I think way too much has been made of salting early and often and I think it’s actually a technical mistake that chefs and cooks make alike. You should salt later and sparingly. I don’t think there is any truth to the idea of building up flavor with salt. Once salt has entered the food, it just never goes away. In fact, it concentrates because you lose moisture while you are cooking.
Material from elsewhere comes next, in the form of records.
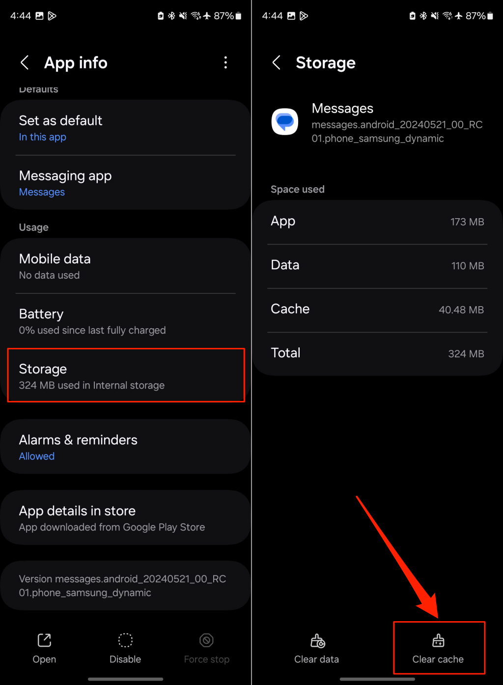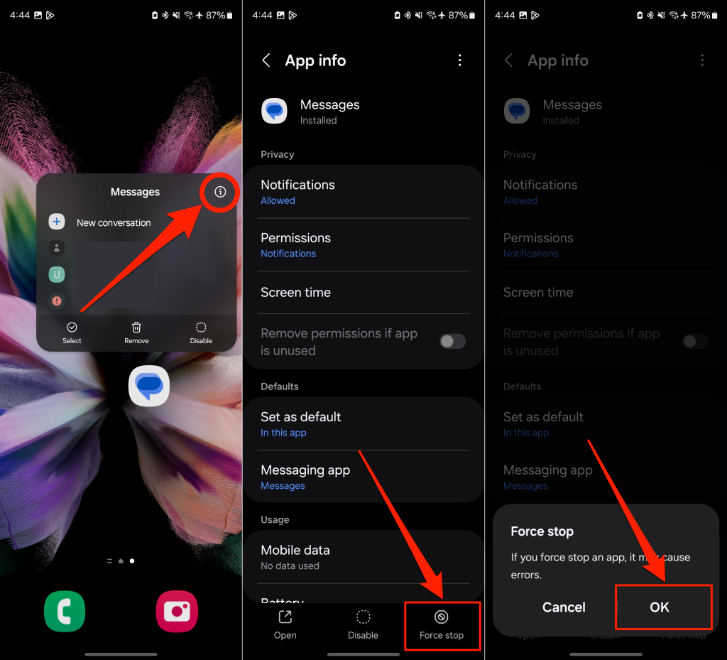 有时,错误消息只是暂时的问题,尤其是在 Android 设备上。强制关闭消息并清除应用程序缓存可以删除阻止消息传递的损坏的临时文件。
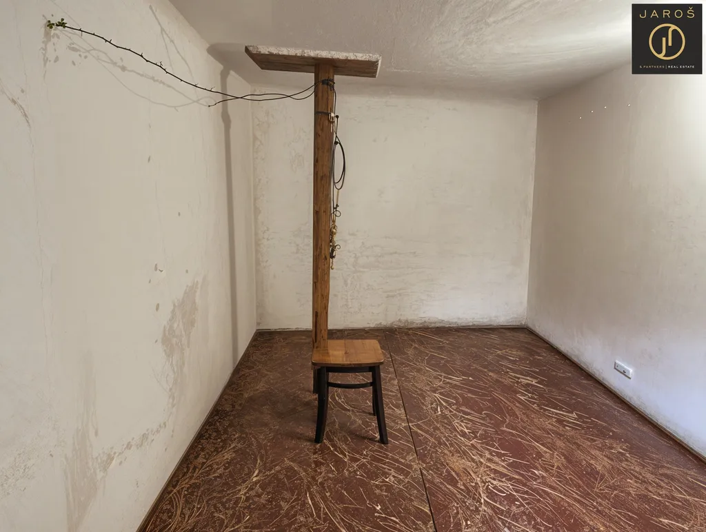 Po několika schodech vstoupíte do hlavní části domu, kde se nachází kuchyně, koupelna, samostatné WC a tři pokoje. Půdní prostor je zároveň prostor pro případné rozšíření obytné plochy.
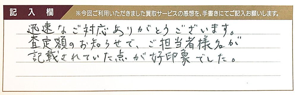 迅速なご対応ありがとうございます。 査定額のお知らせで、ご担当者様名が記載されていた点が好印象でした。
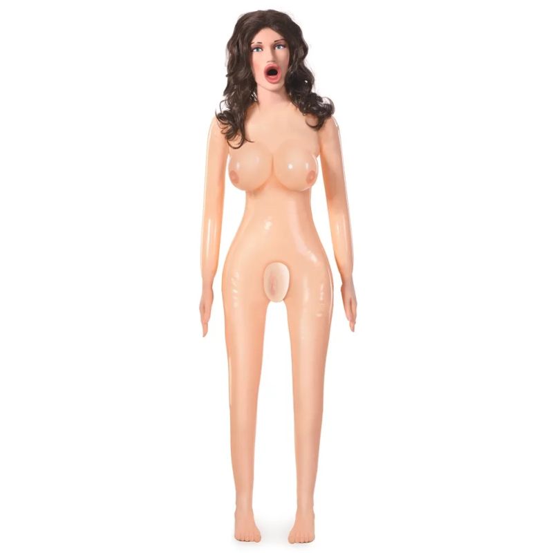 Diese Liebespuppe blickt den Betrachter sinnlich an mit ihrem verführerischen 3D-Gesicht und den langen, braunen Haaren. Auch die Hände und Füße sind ausgeformt und laden zu Streicheleinheiten ein, während die kecken großen Brüste mit festen Nippeln bestechen. Die beiden Lustkanäle befinden sich in einem Masturbator, der herausnehmbar ist und die Reinigung erleichtert. Dieser ist innen strukturiert. Auch ihr Mund steht bereit für befriedigende Stoßmomente.
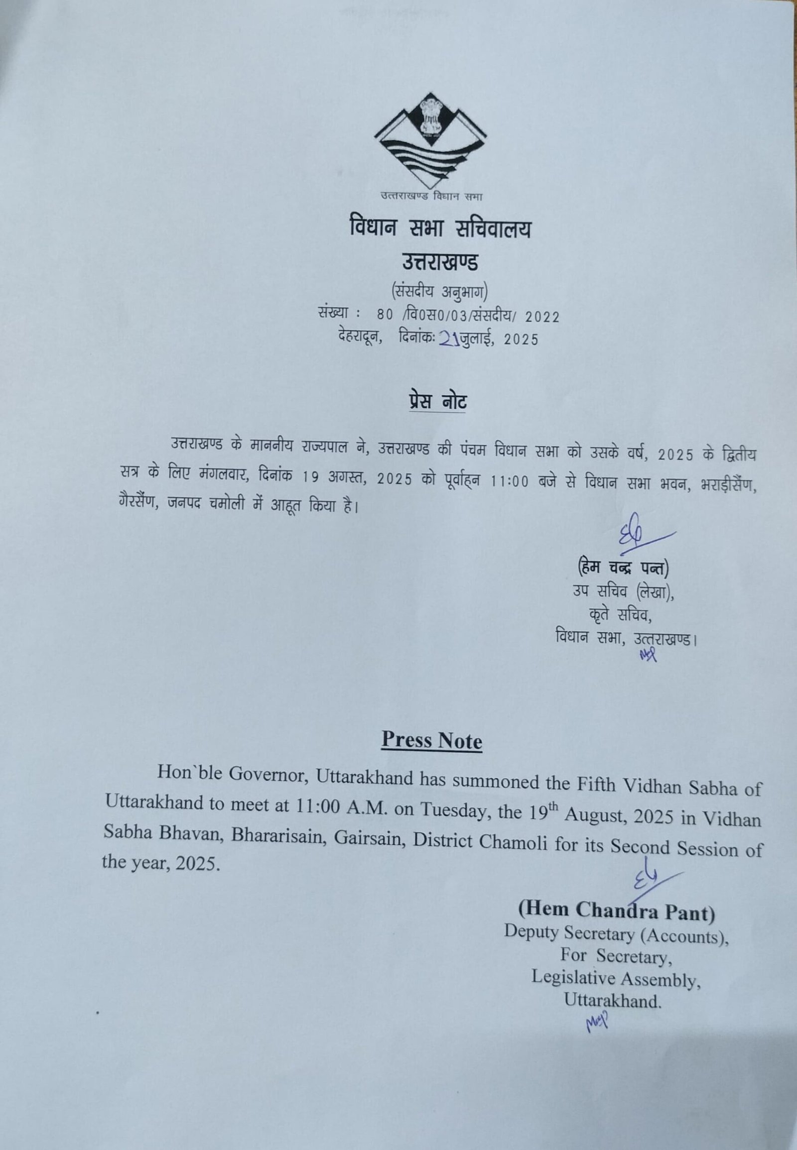 19 अगस्त को सुबह 11:00 बजे उत्तराखंड की ग्रीष्मकालीन राजधानी गैरसैंण में शुरू होगा सत्र
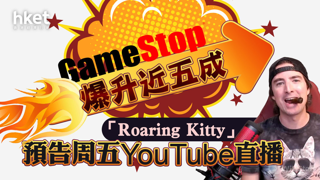 迷因股遊戲驛站GameStop(美︰GME)又爆升。被視為推動買入GME的領軍人物Keith Gill(網名「Roaring Kitty)預告將於YouTube進行直播。直播於紐約時間周五(7日)中午12點進行。但GME股價先行炒上,GME周四(6日)爆升47.5%,收報46.55美元,GME周五盤前曾升37.2%,高見63.87美元。
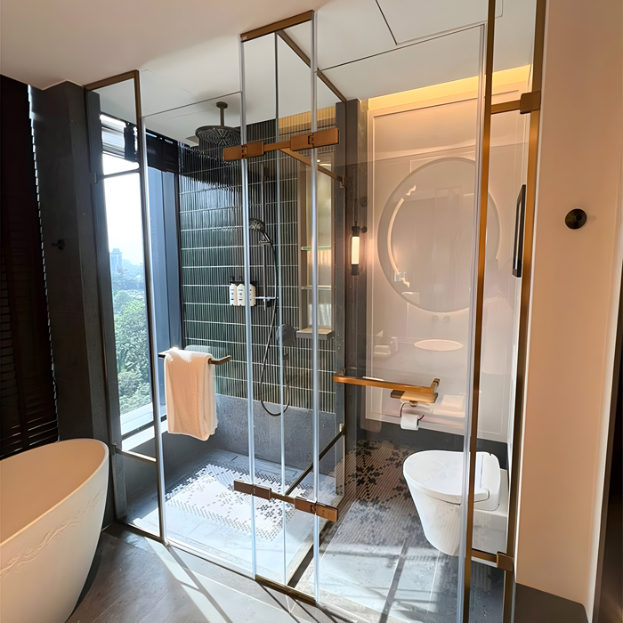 Roman’s subsidiary in Kuala Lumpur serves as a crucial hub for specifications across the Asia Pacific region. From the project’s inception, Roman collaborated closely with the design team to create custom solutions that seamlessly integrated the bedroom and bathroom spaces. The brief called for bespoke doors and panel solutions, and Roman manufactured and furnished 290 enclosures throughout Hotel Indigo with their Liberty Shower Enclosures which incorporated towel rail handles in a brushed rose gold finish.
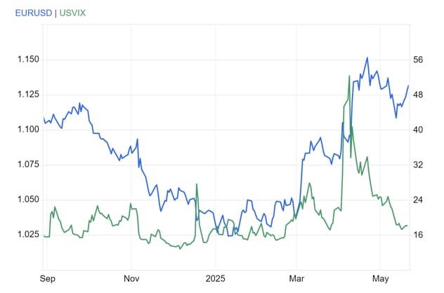 Biểu đồ 1: Tỉ giá EUR/USD và chỉ số VIX
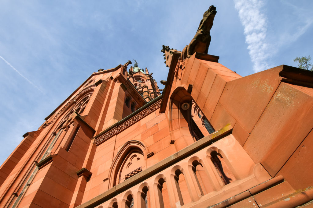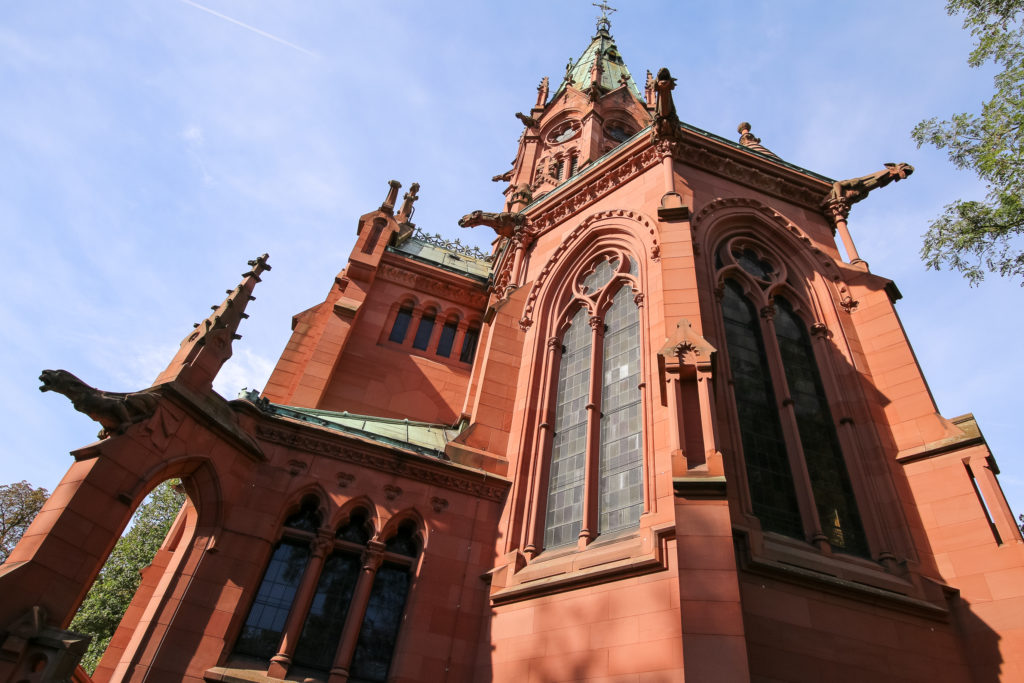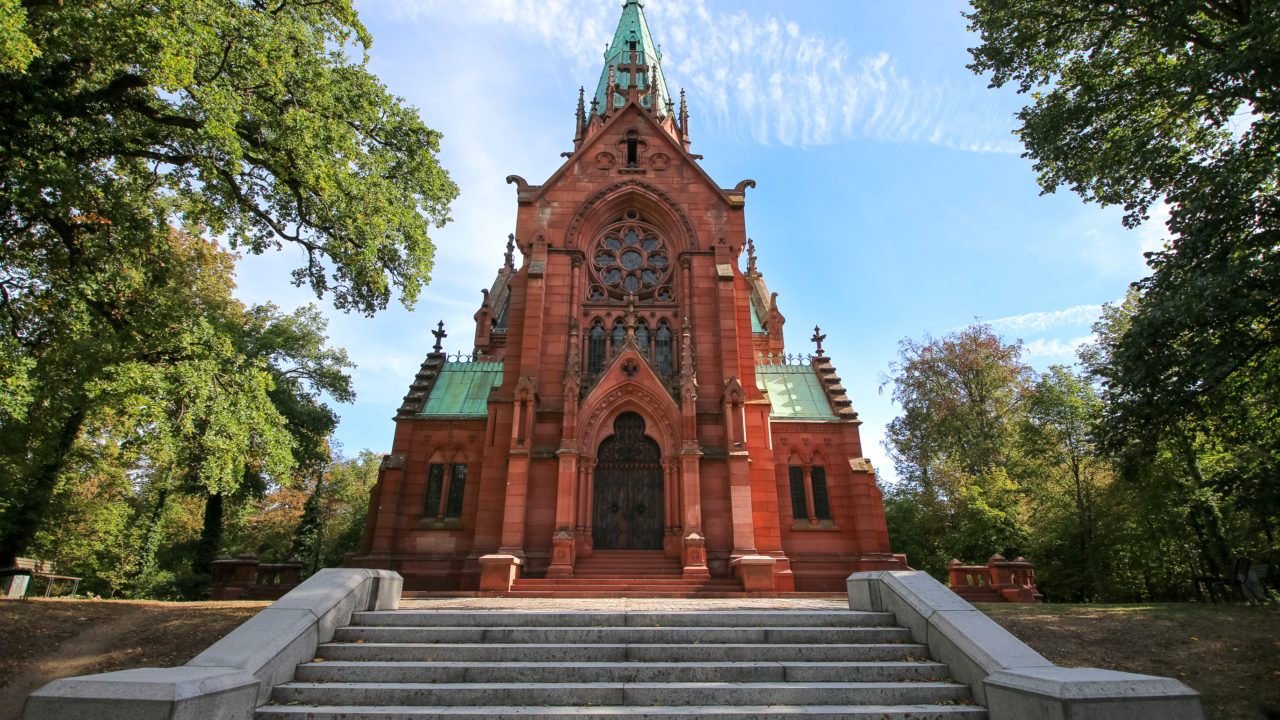 Wer vor der Großherzoglichen Grabkapelle steht, wird bereits beeindruckt sein, denn Figuren Fialen, Wasserspeier und Drachenfiguren des Karlsruher Bildhauers Wilhelm Sauer verzieren das Gebäude und tragen zur imposanten Wirkung der Kapelle bei. Doch das Innere ist ebenfalls atemberaubend und mit viel Liebe zum Detail gemacht. Begonnen im lichtdurchflutenten Innenraum der Oberkirche, welche durch übereinanderstehende Säulenreihen geprägt ist oder Engelsköpfe aus lichtgelbem Kalkstein, bis zu den breiten Treppenstufen, die in die Gruft hinunterführen.
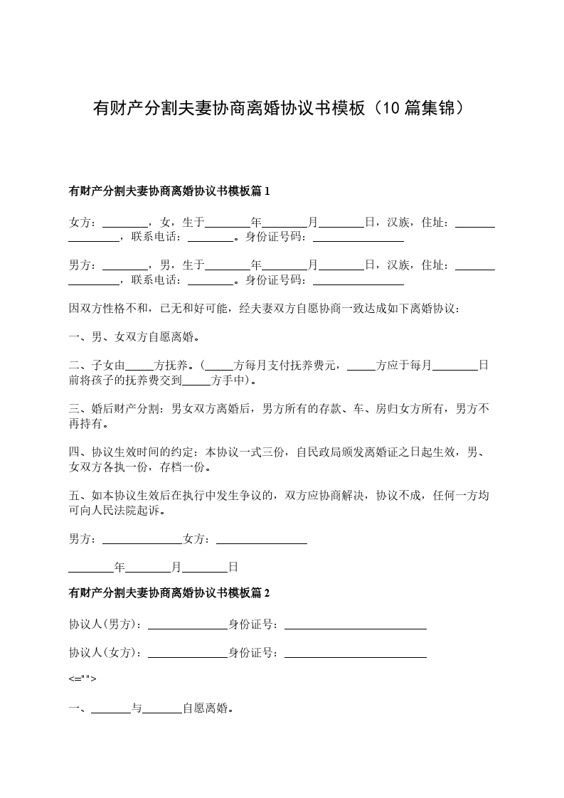 八、本协议一式三份,男、女双方各执一份,婚姻登记机关存档一份,自婚姻登记机颁发《离婚证》之日起生效。九、如本协议生效后在执行中发生争议的,双方应协商解决,协商不成,任何一方均可向相关人民法院起诉。

Finish, when possible, with a finishing salt that catches your fancy and you will get good results.
Unique Ways To Use Salt
Ways To Use Salt
Photographs courtesy of The Meadow
Finishing
The first, which is not so obvious to some people, is the idea of finishing salt. There is so much impact that salt gives when you are using it on top of food, as opposed to cooked through food. It’s one of the areas which we’ve had such an impact on people’s lives and cooking styles by really pushing on the idea of finishing salt.
Smoked Salts | Cocktails
Smoked salts not only give you some saltiness, but aroma too. Smoked salt on the rim of a cocktail glass gives you a really unexpected, beautiful smokey nose to your cocktail. For example, try mezcal and a dash of chocolate bitters with a smoked salt rim -- it’s so simple and so beautiful. It turns the mezcal into a Single Malt Scotch type of experience because it has all this great smokiness.
Soups | Hot Chocolate
Another fun idea is to take a certain type of salt, like a Halen Môn, that has a phyllo dough texture and sprinkle it on a soup or a big mug of drinking chocolate. It has a beautiful buoyancy, so the salt will just stay up there and you get these layering of saltiness. It’s really satisfying. Liquids are the one thing where we accustomed to tasting homogenous saltiness through and through. Using a salt like that gives you this wonderful tendril of saltiness that contrasts with the rest of the liquid.
Buying Salt
A general rule, as with any good ingredient, don’t look for the cheapest thing. It’s a really good rule of economics to put things into context here, no matter what salt you buy, it is always going to be the most powerful ingredient of flavor. So, why would you want to save money with the cheapest ingredient if it’s the most powerful?
Salt Recommendations
Takesumi Bamboo
Icarus-like, Takesumi is hatched from bamboo segments that were packed with Japanese deep sea salt and incinerated. The result, not so much a salt, as a carbonated topping. Takesumi Bamboo is the most exciting salt around for lean meats like venison or lean seafoods like halibut.
Takesumi Bisai
A new version of Takesumi Bamboo salt, it’s finer in grind, reminiscent of something settled to earth after the unlikely stratospheric collision between a comet and a water buffalo. Dust it over aioli for dipping with French fries. Take any food you like and roll it around in Takesumi Bisai to lend an umami-silvered sensation to the dining experience.
Hana Flake
Taut and menacing as an origami time bomb. Flavors that rasterize on the palate with digital speed. If you were off-planet somewhere, throwing down grilled eel donburi between fusillades with Kevlared warriors in a video game, this would be the salt. But if anything, its charms here on Earth are even greater. There is no salt in the world that expresses such vitality with such elegant restraint. Use with salad and other fresh vegetables, seaweed salad, any mollusk or fish sashimi, very dark chocolate ganaches, tart berry or stone fruit compotes.